WHAT IS NEEDED: The records are to be copied word for word, and the pictures dropped.

Dataset records:
*** Block opens ***

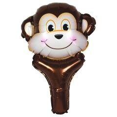 Balon foliowy z uchwytem w kształcie zwierzątek. Balon foliowy do dekoracji przyjęć dla dzieci, kinderbali. Balon może służyć jako element do zabawy, odgrywania teatrzyków pod okiem dorosłego opiekuna. Balon do napełniania powietrzem w kształcie małpki o wymiarze 41 cm przed napompowaniem oraz 35 cm po napompowaniu.
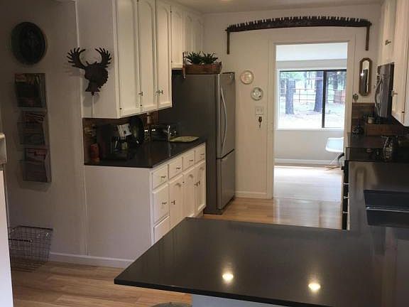 Beautiful Swiss Chalet In the Pines. Rustic Charm with Modern Amenities. Completely Remodeled with lots of Upgrades. New Plumbing and Electrical in 2016. Custom Kitchen features Quartz Countertops, Stainless Steel Appliances and Pallet wood backsplash. New Laminate Flooring and Carpet throughout. Plenty of space with a 360 sq.ft Game Room/Bunkhouse/Office space/Living area/Bedroom. Newly built 200 sq.ft single car garage/workshop. Partially fenced with areas for Dogs, Horses, Goats, Chickens. Huge Artificial Turf Sports Field. Lot Backs to State Trust Land. This Is A Must See
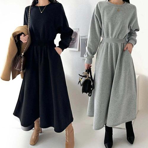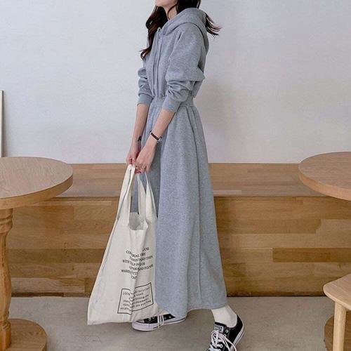 [셀럽하우스]시보리 PZYB2147 허리밴딩 긴팔 후드 캐주얼 롱 플레어 원피스
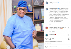 Actor Adebayo Salami preached generosity in his recent post on Instagram where he revealed that being generous comes from the heart and not the condition of ones pocket.
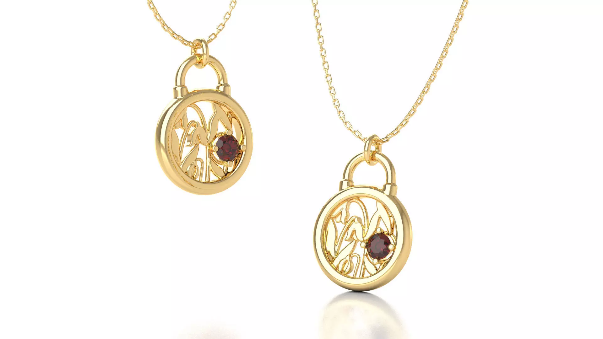 Simple, and dainty yet solid pendant with beautifully arranged January's birth-flower 'Snowdrop Flower' inside a padlock shaped pendant. Finished product preferably to be adorned with red garnet stone -- as January's birth stone
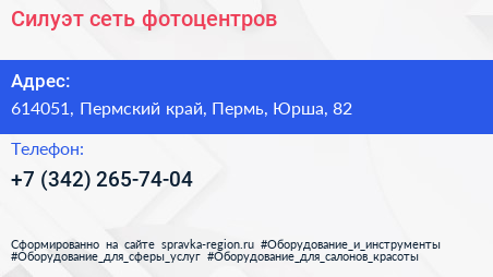 Силуэт, сеть фотоцентров по адресу 614051, Пермский край, Пермь, Юрша, 82 в дальнейшем Организация, размещена в следующих категориях:
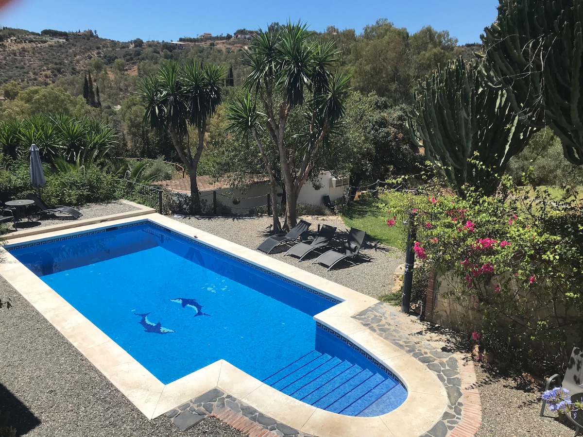 Villa lussuża b 'pixxina privata, ġonna fuq barra u barbikju, mejda tal-ping pong. Magħmul minn suite waħda b 'sodda King Size u banju idromassaġġ, suite waħda b' sodda 150x200, flimkien ma' 2 kmamar tas-sodda b' 105x190 sodod doppji, 3 kmamar tal-banju sħaħ, tojlit, salott kbir u kċina. Mgħammra bil-wifi u bit-televiżjoni bis-satellita. Imsaħħna kompletament. Jinsab f 'ambjent naturali f' qiegħ il-medda tal-muntanji Alhaurín el Grande. 20 min. mill-ajruport ta' Malaga, mill-aqwa bajjiet ta' Costa del Sol.
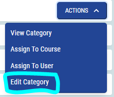 You can do this from the ‘Category’ page and selecting ‘Edit Category’ from the action drop down. Or, you can do this from the view category page and selecting the pencil icon.
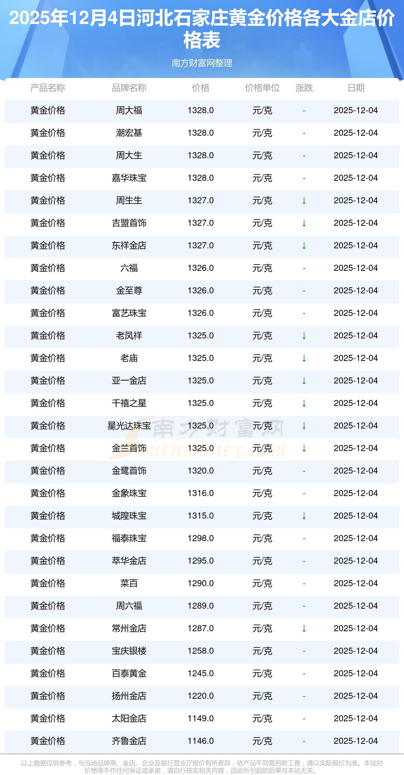 2025年12月4日,河北石家莊周大福、周大福、周大福、周大福、周大福、周大福、周大福、老鳳祥、老鳳祥、老鳳祥、六福等各大金店品牌黃金價格今日價格行情最新來了:周大福1328.0元/克、周大福671.0元/克、周大福1328.0元/克、周大福46730.0、周大福19260.0、周大福42160.0、周大福1165.0元/克、老鳳祥1325.0元/克、老鳳祥600.0元/克、老鳳祥1325.0元/克、六福1326.0元/克。
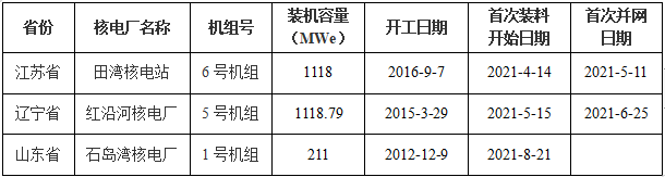 截至2021年9月30日,我國運行[1]核電機組共52臺(不含臺灣地區),裝機容量為53485.95MWe(額定裝機容量)。2021年1-9月全國共有3臺核電機組首次裝料,詳見表1。

*** Block closes ***

WRITTEN ANSWER:
 Balon foliowy z uchwytem w kształcie zwierzątek. Balon foliowy do dekoracji przyjęć dla dzieci, kinderbali. Balon może służyć jako element do zabawy, odgrywania teatrzyków pod okiem dorosłego opiekuna. Balon do napełniania powietrzem w kształcie małpki o wymiarze 41 cm przed napompowaniem oraz 35 cm po napompowaniu.
 Beautiful Swiss Chalet In the Pines. Rustic Charm with Modern Amenities. Completely Remodeled with lots of Upgrades. New Plumbing and Electrical in 2016. Custom Kitchen features Quartz Countertops, Stainless Steel Appliances and Pallet wood backsplash. New Laminate Flooring and Carpet throughout. Plenty of space with a 360 sq.ft Game Room/Bunkhouse/Office space/Living area/Bedroom. Newly built 200 sq.ft single car garage/workshop. Partially fenced with areas for Dogs, Horses, Goats, Chickens. Huge Artificial Turf Sports Field. Lot Backs to State Trust Land. This Is A Must See
 [셀럽하우스]시보리 PZYB2147 허리밴딩 긴팔 후드 캐주얼 롱 플레어 원피스
 Actor Adebayo Salami preached generosity in his recent post on Instagram where he revealed that being generous comes from the heart and not the condition of ones pocket.
 Simple, and dainty yet solid pendant with beautifully arranged January's birth-flower 'Snowdrop Flower' inside a padlock shaped pendant. Finished product preferably to be adorned with red garnet stone -- as January's birth stone
 Силуэт, сеть фотоцентров по адресу 614051, Пермский край, Пермь, Юрша, 82 в дальнейшем Организация, размещена в следующих категориях:
 Villa lussuża b 'pixxina privata, ġonna fuq barra u barbikju, mejda tal-ping pong. Magħmul minn suite waħda b 'sodda King Size u banju idromassaġġ, suite waħda b' sodda 150x200, flimkien ma' 2 kmamar tas-sodda b' 105x190 sodod doppji, 3 kmamar tal-banju sħaħ, tojlit, salott kbir u kċina. Mgħammra bil-wifi u bit-televiżjoni bis-satellita. Imsaħħna kompletament. Jinsab f 'ambjent naturali f' qiegħ il-medda tal-muntanji Alhaurín el Grande. 20 min. mill-ajruport ta' Malaga, mill-aqwa bajjiet ta' Costa del Sol.
 You can do this from the ‘Category’ page and selecting ‘Edit Category’ from the action drop down. Or, you can do this from the view category page and selecting the pencil icon.
 2025年12月4日,河北石家莊周大福、周大福、周大福、周大福、周大福、周大福、周大福、老鳳祥、老鳳祥、老鳳祥、六福等各大金店品牌黃金價格今日價格行情最新來了:周大福1328.0元/克、周大福671.0元/克、周大福1328.0元/克、周大福46730.0、周大福19260.0、周大福42160.0、周大福1165.0元/克、老鳳祥1325.0元/克、老鳳祥600.0元/克、老鳳祥1325.0元/克、六福1326.0元/克。
 截至2021年9月30日,我國運行[1]核電機組共52臺(不含臺灣地區),裝機容量為53485.95MWe(額定裝機容量)。2021年1-9月全國共有3臺核電機組首次裝料,詳見表1。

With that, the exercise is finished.